(WORK TASK)
Each line of the records below needs repeating exactly. Skip the pictures.

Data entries
Segment Open

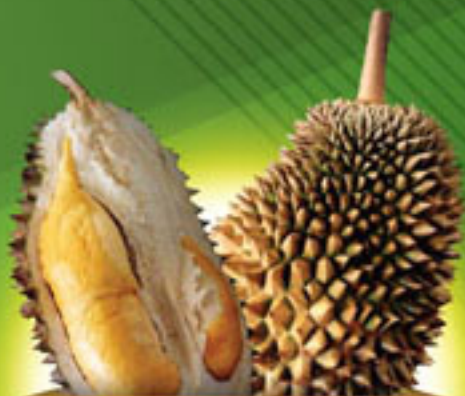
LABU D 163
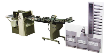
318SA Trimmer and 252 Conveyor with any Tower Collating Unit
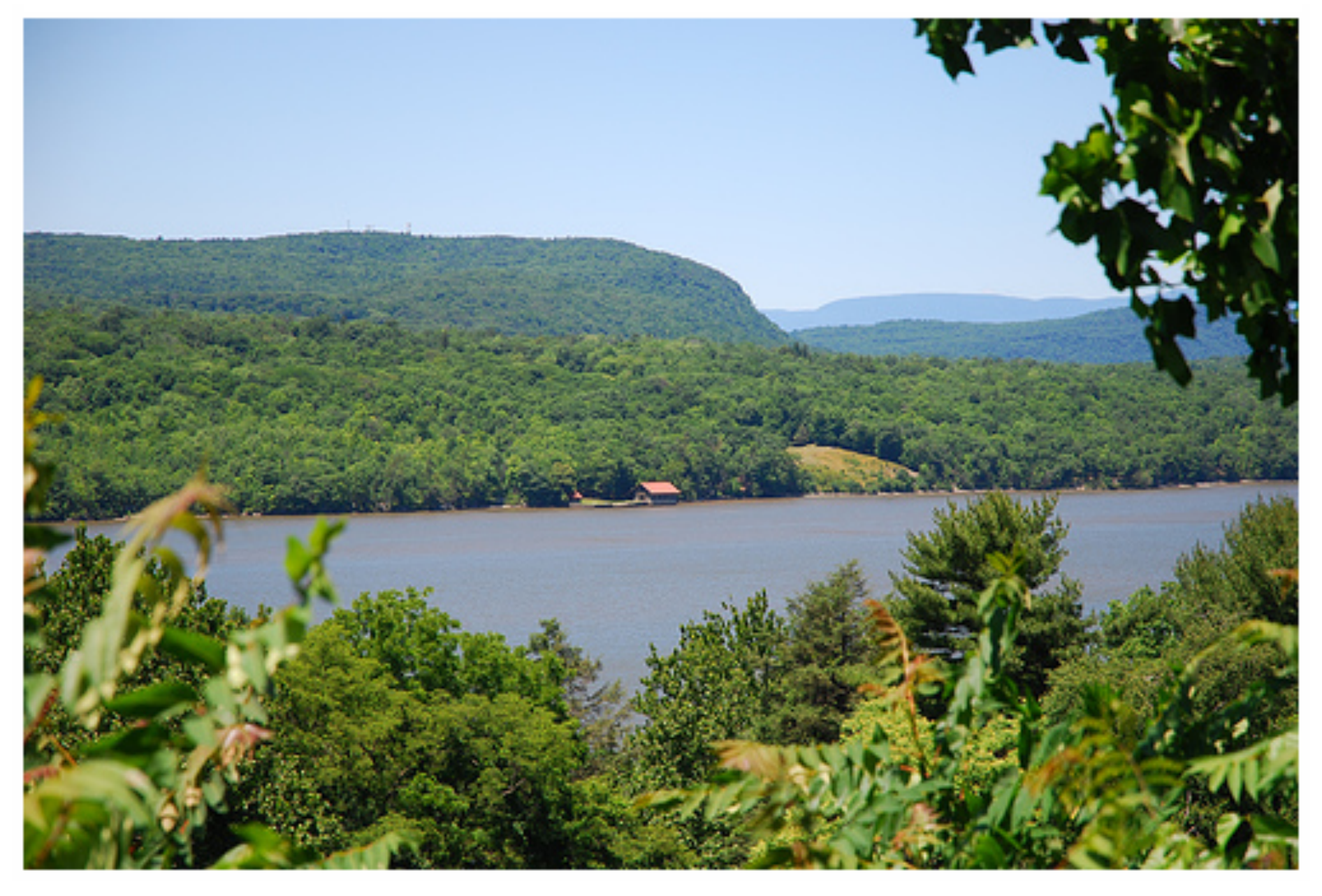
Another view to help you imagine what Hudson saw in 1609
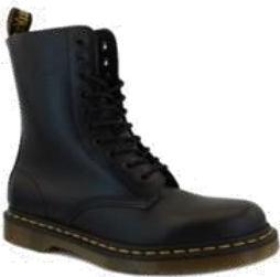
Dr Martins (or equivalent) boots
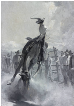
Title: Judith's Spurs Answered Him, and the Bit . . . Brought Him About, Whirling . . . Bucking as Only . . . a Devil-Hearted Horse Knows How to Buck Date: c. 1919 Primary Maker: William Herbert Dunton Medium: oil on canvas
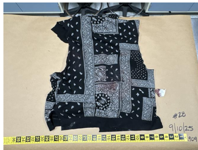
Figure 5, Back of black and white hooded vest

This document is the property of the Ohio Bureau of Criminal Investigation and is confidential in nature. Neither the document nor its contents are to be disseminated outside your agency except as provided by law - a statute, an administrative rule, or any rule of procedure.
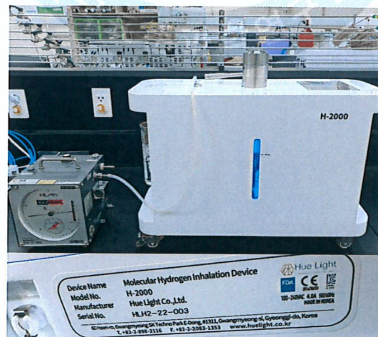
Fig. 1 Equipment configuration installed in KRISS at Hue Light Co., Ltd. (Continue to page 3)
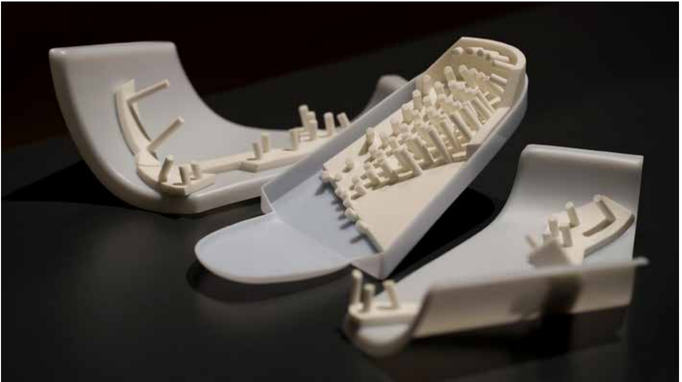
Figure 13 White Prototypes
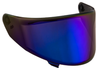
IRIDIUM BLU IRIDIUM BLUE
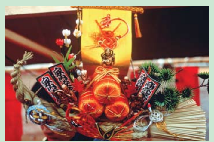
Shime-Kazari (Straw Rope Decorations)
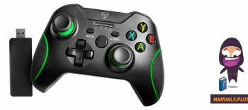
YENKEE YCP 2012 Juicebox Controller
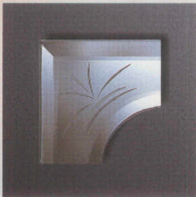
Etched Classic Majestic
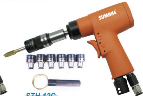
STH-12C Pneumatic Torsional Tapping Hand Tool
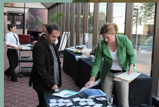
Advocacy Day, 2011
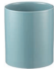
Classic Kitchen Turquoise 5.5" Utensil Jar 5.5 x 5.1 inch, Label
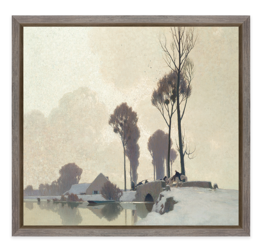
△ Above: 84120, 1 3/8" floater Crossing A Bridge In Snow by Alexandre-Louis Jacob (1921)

Segment Closed

(ANSWER TO THIS PROBLEM)
LABU D 163
318SA Trimmer and 252 Conveyor with any Tower Collating Unit
Another view to help you imagine what Hudson saw in 1609
Dr Martins (or equivalent) boots
Title: Judith's Spurs Answered Him, and the Bit . . . Brought Him About, Whirling . . . Bucking as Only . . . a Devil-Hearted Horse Knows How to Buck Date: c. 1919 Primary Maker: William Herbert Dunton Medium: oil on canvas
Figure 5, Back of black and white hooded vest

This document is the property of the Ohio Bureau of Criminal Investigation and is confidential in nature. Neither the document nor its contents are to be disseminated outside your agency except as provided by law - a statute, an administrative rule, or any rule of procedure.
Fig. 1 Equipment configuration installed in KRISS at Hue Light Co., Ltd. (Continue to page 3)
Figure 13 White Prototypes
IRIDIUM BLU IRIDIUM BLUE
Shime-Kazari (Straw Rope Decorations)
YENKEE YCP 2012 Juicebox Controller
Etched Classic Majestic
STH-12C Pneumatic Torsional Tapping Hand Tool
Advocacy Day, 2011
Classic Kitchen Turquoise 5.5" Utensil Jar 5.5 x 5.1 inch, Label
△ Above: 84120, 1 3/8" floater Crossing A Bridge In Snow by Alexandre-Louis Jacob (1921)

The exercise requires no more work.